(Task goal): Set down nothing but the lines from the one containing "拉林鐵路林芝站黨委書記韓春旺" to the final line of the material, exactly as written, and drop the pictures.

(Data shown):
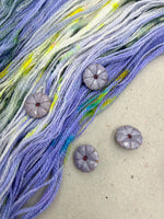 The button comes in caramel, grey, white, green, pink, dark grey, baby blue, black & lavender with painted gold or silver details.
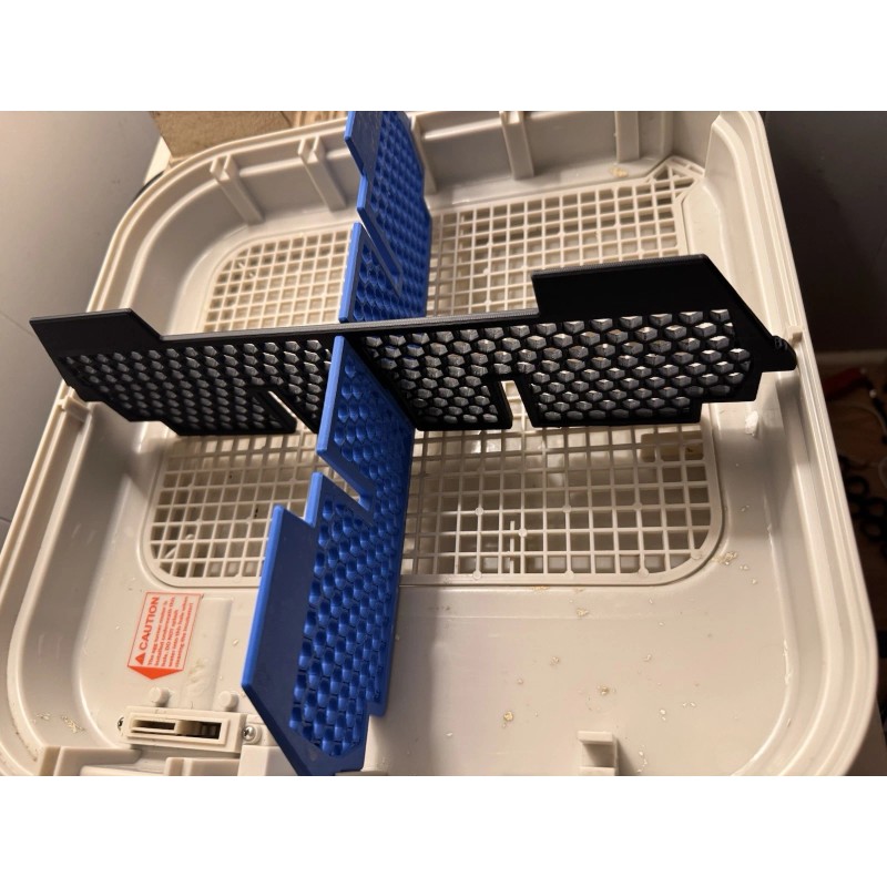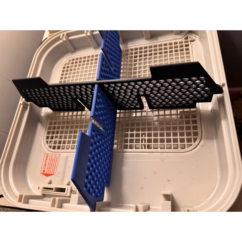 Important note: you will need to remove the egg turner bar for divider 1 to properly fit. You will need to slightly stretch to place it into the proper groves on the incubator. If you have an additional divider #2 it will float in the slots as shown in photos.
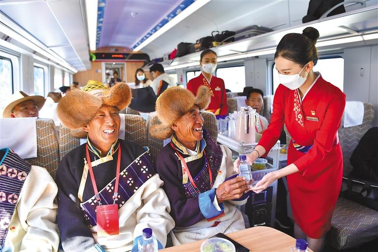 拉林鐵路林芝站黨委書記韓春旺說:“兩年來,林芝站認真貫徹落實習近平總書記的重要指示要求,通過提供安全舒適的出行體驗、全面周到的服務,切實滿足人民群眾對美好生活的向往?!?/p>
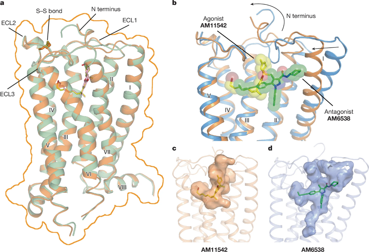 来自上海科技大学大学刘志杰以及赵素文,美国东北大学的Alexandros Makriyannis,斯克里普斯研究所的Laura M. Bohn合作报道了两种激动剂结合的人源 CB1 晶体结构:分别是与四氢大麻酚衍生物 AM11542 和与六氢大麻酚衍生物 AM841 的复合物。与拮抗剂结合状态²相比,这两个 CB1–激动剂复合物揭示了整体构象上的显著变化,包括配体结合口袋体积减少 53%,以及 G 蛋白结合区域表面积的增加。此外,还首次在实验中观察到 Phe2003.36 与 Trp3566.48 的“双重开关”构象切换(上标为 Ballesteros–Weinstein 编号),这一机制似乎对受体激活至关重要。这些结构为理解 CB1 的激活机制 提供了重要见解,并为预测 Δ9-THC 以及内源性与合成大麻素的结合模式提供了分子基础。CB1 结合口袋的 可塑性 似乎是某些 A 类 G 蛋白偶联受体的共同特征。这些发现有望推动化学多样性配体的设计,以获得具有不同药理学特性的化合物。

(Task solution):
 拉林鐵路林芝站黨委書記韓春旺說:“兩年來,林芝站認真貫徹落實習近平總書記的重要指示要求,通過提供安全舒適的出行體驗、全面周到的服務,切實滿足人民群眾對美好生活的向往?!?/p>
 来自上海科技大学大学刘志杰以及赵素文,美国东北大学的Alexandros Makriyannis,斯克里普斯研究所的Laura M. Bohn合作报道了两种激动剂结合的人源 CB1 晶体结构:分别是与四氢大麻酚衍生物 AM11542 和与六氢大麻酚衍生物 AM841 的复合物。与拮抗剂结合状态²相比,这两个 CB1–激动剂复合物揭示了整体构象上的显著变化,包括配体结合口袋体积减少 53%,以及 G 蛋白结合区域表面积的增加。此外,还首次在实验中观察到 Phe2003.36 与 Trp3566.48 的“双重开关”构象切换(上标为 Ballesteros–Weinstein 编号),这一机制似乎对受体激活至关重要。这些结构为理解 CB1 的激活机制 提供了重要见解,并为预测 Δ9-THC 以及内源性与合成大麻素的结合模式提供了分子基础。CB1 结合口袋的 可塑性 似乎是某些 A 类 G 蛋白偶联受体的共同特征。这些发现有望推动化学多样性配体的设计,以获得具有不同药理学特性的化合物。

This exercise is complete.